Hey @abdou_brk,
No worries, let me try it again with some mathematics, so that we can use the formulations to our advantage. Let’s consider that we have the inputs z_1, z_2, z_3, z_4, z_5 (to a single neuron) for 5 batches (with varying mean and variance), which we will be considering for batch normalization. Here, note that BatchNorm is applied for each of the neurons individually, i.e., different \gamma and \beta for each of the neurons.
Consider case-1, in which there is no batch normalization. Let’s say that
-
z^{(1)} follows distribution D_1 having mean \mu_1 and variance \sigma_1^2
-
z^{(2)} follows distribution D_2 having mean \mu_2 and variance \sigma_2^2
and so on. Now, in this case, the weights will have to adjust themselves according to 5 different distributions. This is only going to be more difficult (for the optimization algorithm) when the number of batches with varying distributions will increase. In simple words, different batches of inputs will have different means and variances, and the weights would adjust (to a considerable extent) to the most recent batch of inputs, i.e., the weights will keep on oscillating instead of converging. This is only going to become worse if we encounter the case that the dev/test set samples follow a different (even slightly) distribution than the train set samples. In this case, the weights won’t be adjusted to these samples, and would give poor performance.

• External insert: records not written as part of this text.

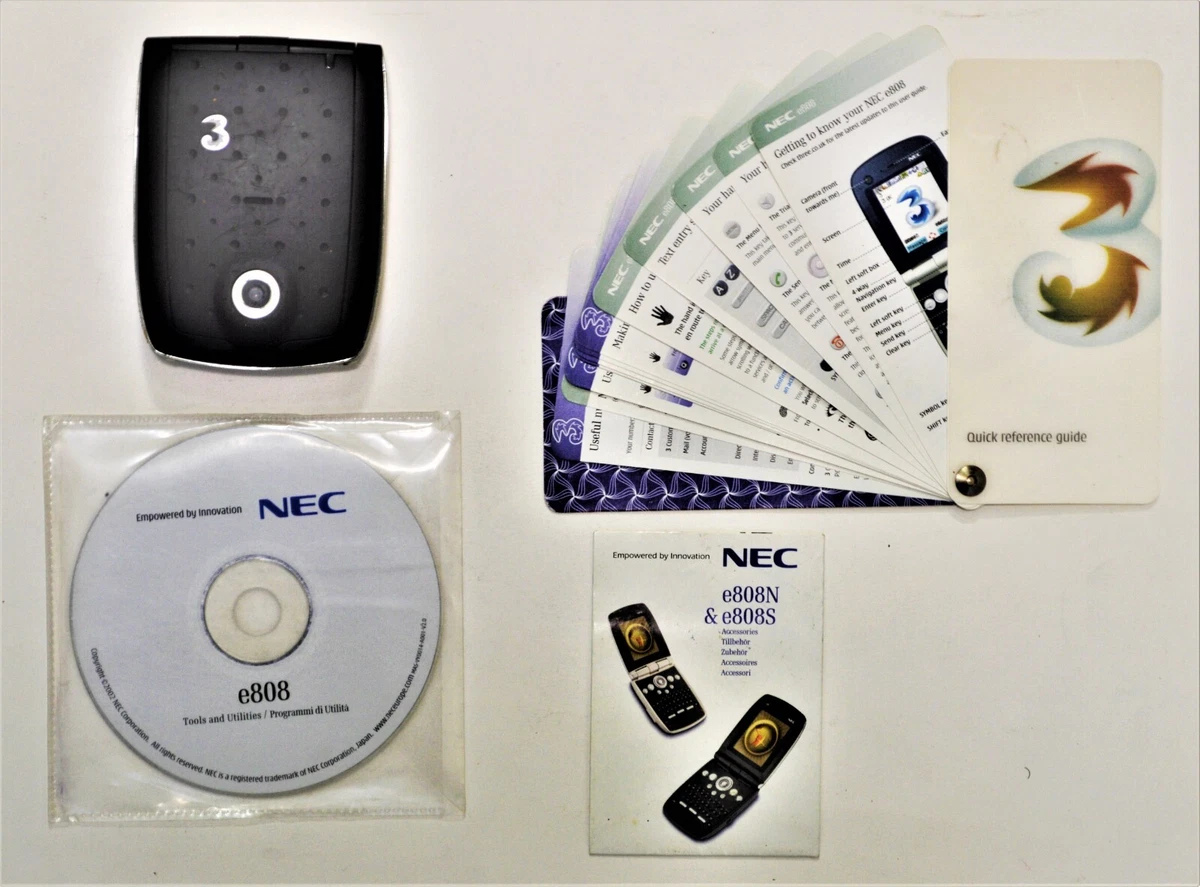 Vintage/Retro (WORKING) NEC E808 Black 3G QWERTY Flip Phone Rare
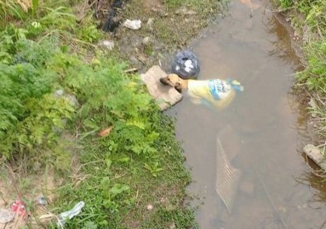 Bomberos de Tortugas rescataron un perro que habia sido arrojado vivo dentro de una bolsa a un zanjón
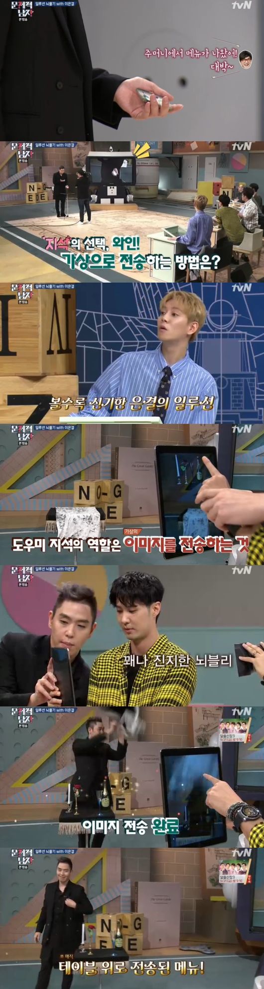 본격적으로 일루션 뇌풀기를 시작했다. 첫번째 문제 주인은 장원이었다. 이은결은 오래된 상상의 영역을 이용한 일루션이라고 했다. 손짓으로 조명을 컨트롤 해 어둡게 만들었고, 탁자위에 높은 두꺼운 책 옆에 있는 컵에 콜라를 담았다. 그림자 컵에 빨대를 꼽아마셨더니 눈 앞에서 컵 속에 콜라가 사라진 것. 신기한 광경에 모두 놀랐다. 이번엔 그림자 책을 쓰러뜨리는 건 물론, 입김으로 책을 열었다. 이어 "신기한 페이지를 봤다"면서 문제를 출제했다.
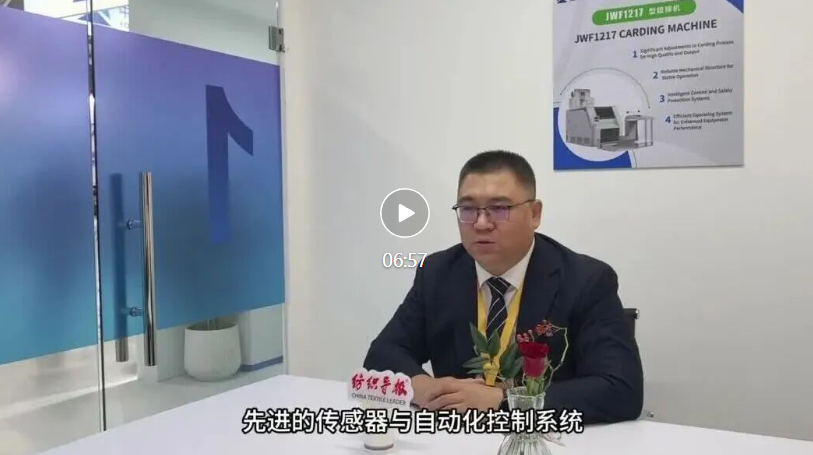 青岛宏大集中展示了覆盖纺纱全流程关键环节的前沿技术方案,以JWF1217梳棉机、VCRO PLUS自动络筒机及多组分智能精细混开棉机组系列的3D视频,为观众带来沉浸式观展体验。青岛宏大纺织机械有限责任公司副总经理孙晓山现场介绍了企业的亮点产品、经营情况以及未来产品布局。
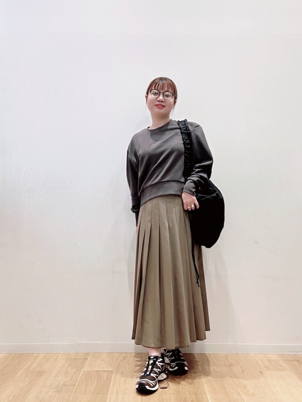 着丈が短めなスカートはプリーツがさりげなく大人カジュアルにコーディネートできます🎯🎯

Now, let’s see how Batch Normalization can help us to avoid all this. I guess the normalization part of BatchNorm is pretty trivial, so I will be using the following short-hand notation moving forward from here:
z_{norm}^{(i)} = \dfrac{z^{(i)} - \mu_i}{\sqrt{\sigma^2_i + \epsilon}}
Now, if we don’t involve any learnable parameters here, then for each of the neurons, the inputs will have the mean as 0, and the variance as 1. Intuitively, we can understand that this would not be good, since all the features would lose their identity (in the terms of their mean and variance across the batches). Empirically, you can understand this by simply training 2 networks, one with normalization and one with batch normalization, and comparing their performance.

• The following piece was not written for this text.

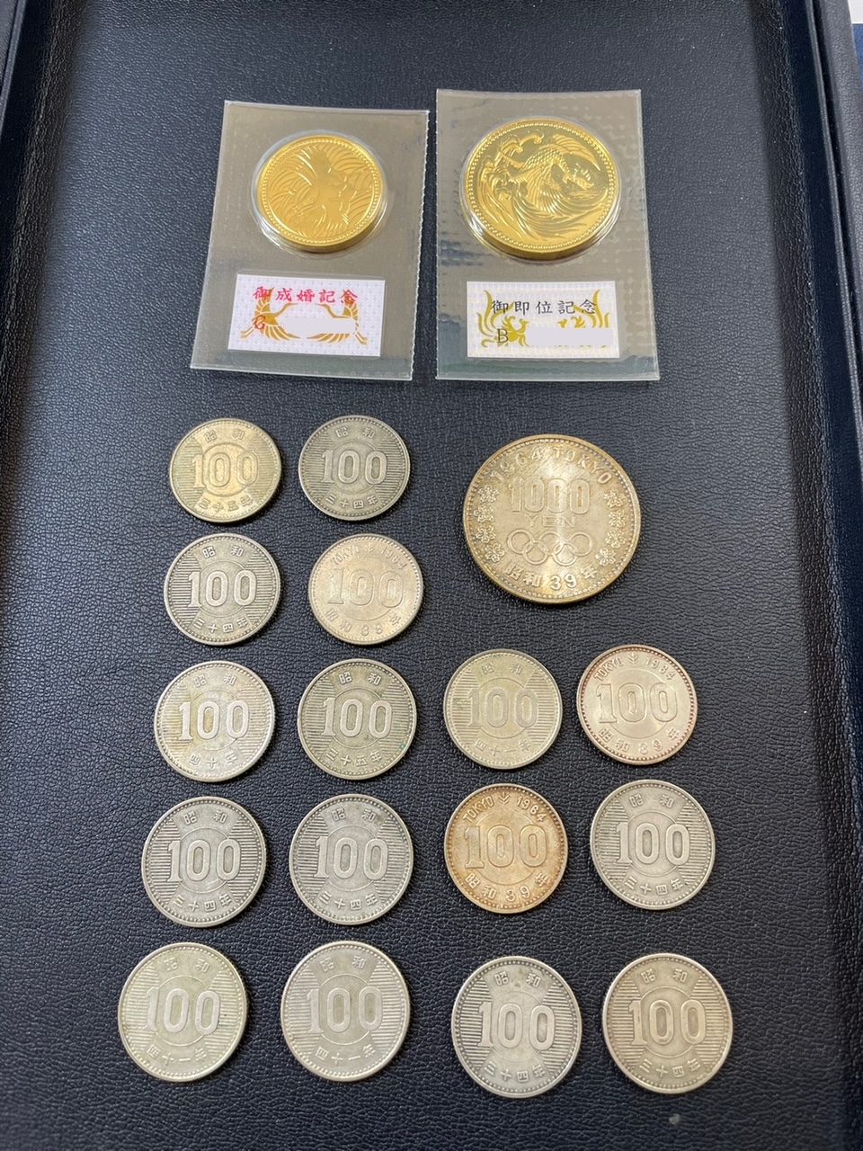 お品物は 御即位金貨・御成婚金貨・東京オリンピック記念1,000円銀貨・100円銀貨 でございます。

So, I am assuming we agree now that simply normalization isn’t going to cut it. Now, we will introduce the learnable parameters, \gamma and \beta, and the resulting normalized values would be,
\tilde{z}^{(i)} = \gamma * z_{norm}^{(i)} + \beta
Now, if we consider the role of weights and bias, their role is to model the relative importance of the different features and their relations between one form of representation of features and another form of representation of features, so that when we combine these different features using weights and bias, we get the most appropriate form. However, if we don’t use BatchNorm, they would also have to account for the different distributions of different batches. But if we use BatchNorm, we can give this duty of accounting for the different distributions of different batches to \gamma and \beta, i.e., separation of tasks between weights/bias and gamma/beta.
Here, you might wonder that \gamma and \beta will also change, and indeed they will. But once the first epoch is completed, the parameters, i.e., \gamma and \beta would have seen all the batches, and would have approximated the variance and mean to a great extent, thereby, changing pretty less in the next epochs. On the other hand, weights and bias must continuously change, since they got other duty as well, which is in fact, the major task of these weights and bias, and this continuous change could make it a difficult job for the weights and bias to account for the changing distributions, since the distributions won’t change across the epochs (at least in the generic case, when we have a stored dataset).
And perhaps the greatest advantage of BatchNorm is seen during inference. In the generic case, the distributions of samples differ slightly between the train and dev/test sets. When we use batch norm, it uses the running mean and running variance (computed over the train samples), to normalize the dev/test samples, and then uses the learnt \gamma and \beta to shift the mean and variance to the ones that the weights of the network are adjusted to.
Let me know if this helps.
Cheers,
Elemento